In questo importante “anniversario”, che dedica spazio e memoria ai professionisti sanitari, specie a coloro che hanno perso la vita a causa del Covid, il segretario Mimma Sternativo tiene a scrivere questa lettera aperta/dichiarazione:
«Il 20 febbraio è la “Giornata nazionale dei professionisti sanitari, sociosanitari, socioassistenziali e del volontariato”. Un giorno per ricordare chi ha dato tutto nella guerra al Covid, anche la vita. Ed è il giorno in cui dirlo ad alta voce che siamo fieri di voi, di noi. Di chi di fronte alle corsie zeppe di paura e morte e dolore, quando non si sapeva che implicazioni potesse avere il virus per il personale sanitario, quando non avevamo i mezzi di protezione adeguati, fin quando non ne avevamo nessuno, siamo rimasti lì. In piedi di fronte alla valanga. A fare da argine a un virus che ha ucciso davvero troppe persone, troppi italiani. Troppi di noi, medici, infermieri, operatori sanitari. Ci siamo ammalati, abbiamo lottato e siamo tornati al nostro posto. Abbiamo pianto amici e parenti senza poter dire loro addio, e siamo rimati al nostro posto. A curare le persone, anche quelle che non hanno rispettato le regole, anche quelle che ci hanno chiamati eroi per un po’ e poi si sono scordati di noi. Col cuore caldo per quei cittadini, tanti, che ci hanno fatto arrivare doni, gratitudine, gelati, affetto.
Oggi stiamo combattendo un’altra battaglia, ancora invisibile: il burnout che sembra però non interessare le istituzioni politiche come pure i datori di lavoro. Professionisti non macchine, che come soldati al rientro da una guerra, rischiano di vivere un disturbo post traumatico che influisce notevolmente sulle loro vite. Al di là di riconoscimenti economici o sociali, che comunque sono stati niente se paragonati allo sforzo fatto, è ora importante prendere in carico il loro malessere psicofisico. Se le amministrazioni non faranno qualcosa per la prevenzione ma anche per la cura di questo stato, c’è il rischio documentato scientificamente che aumenti il tasso di assenteismo e di turnover, che vi sia un calo della performance, della qualità del servizio e della soddisfazione lavorativa.
Il Covid ha toccato troppi nervi scoperti, l’assenza di tutele e stipendi adeguati, gli “irrisolti” dovuti a troppi tagli alla sanità, il fatto che siamo pochi. Perché con 54mila infermieri in più sì che sarebbe andato tutto bene, o sicuramente sarebbe andato meglio. Ha anche mostrato chi siamo, quanto siamo importanti, spesso soli. Quanta professionalità e passione mettiamo in campo.

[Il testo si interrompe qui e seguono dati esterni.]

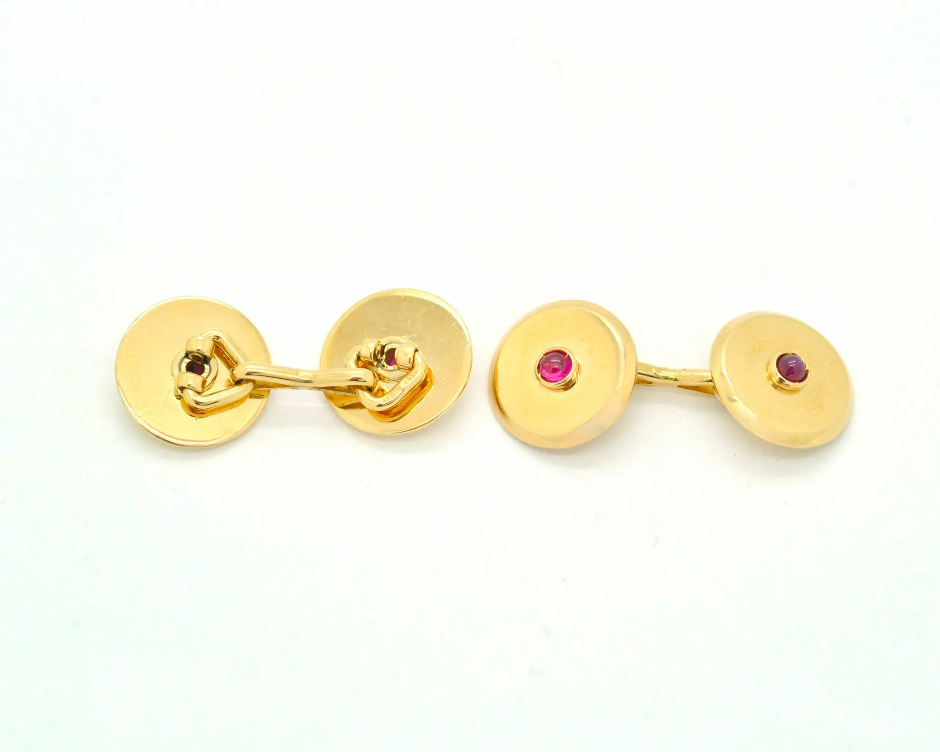 Raffinati gemelli in oro giallo 18 kt (750), dal peso complessivo di 13,1 grammi, impreziositi da eleganti rubini che donano un tocco di colore e prestigio. Lavorazione curata nei dettagli e materiali di alta qualità rendono questi gemelli un accessorio distintivo, perfetto per chi desidera esprimere stile e personalità con classe. Ideali per occasioni formali o come regalo esclusivo.

Quindi questo 20 febbraio lo celebriamo, per chi non c’è più e per voi che siete lì. Al vostro posto, in corsia, negli ambulatori, sulle ambulanze, sul territorio. Lo celebriamo per chi per mesi non ha abbracciato i suoi figli, i nipoti, i genitori. Per chi ancora non lo fa. Lo celebriamo per noi cui non è stato concesso il lusso di poter aver paura. Ma, c’è un ma che è una promessa: a voi, a noi, a chi è caduto in servizio facciamo una promessa: non permetteremo che l’aver istituito una “giornata nazionale” sia il modo di far pace con i professionisti della sanità. Non ci bastano le medaglie, le targhe, i servizi al telegiornale una settimana l’anno. Alla politica e alle dirigenze di tutti i livelli non permetteremo di scordare che non siamo né eroi né martiri. Questo è il momento di riscrivere le regole del gioco e ridistribuire i ruoli: siamo professionisti generosi e indispensabili e lotteremo perché le nostre capacità e i nostri meriti vengano riconosciuti. Grazie a tutti per essere stati così all’altezza!»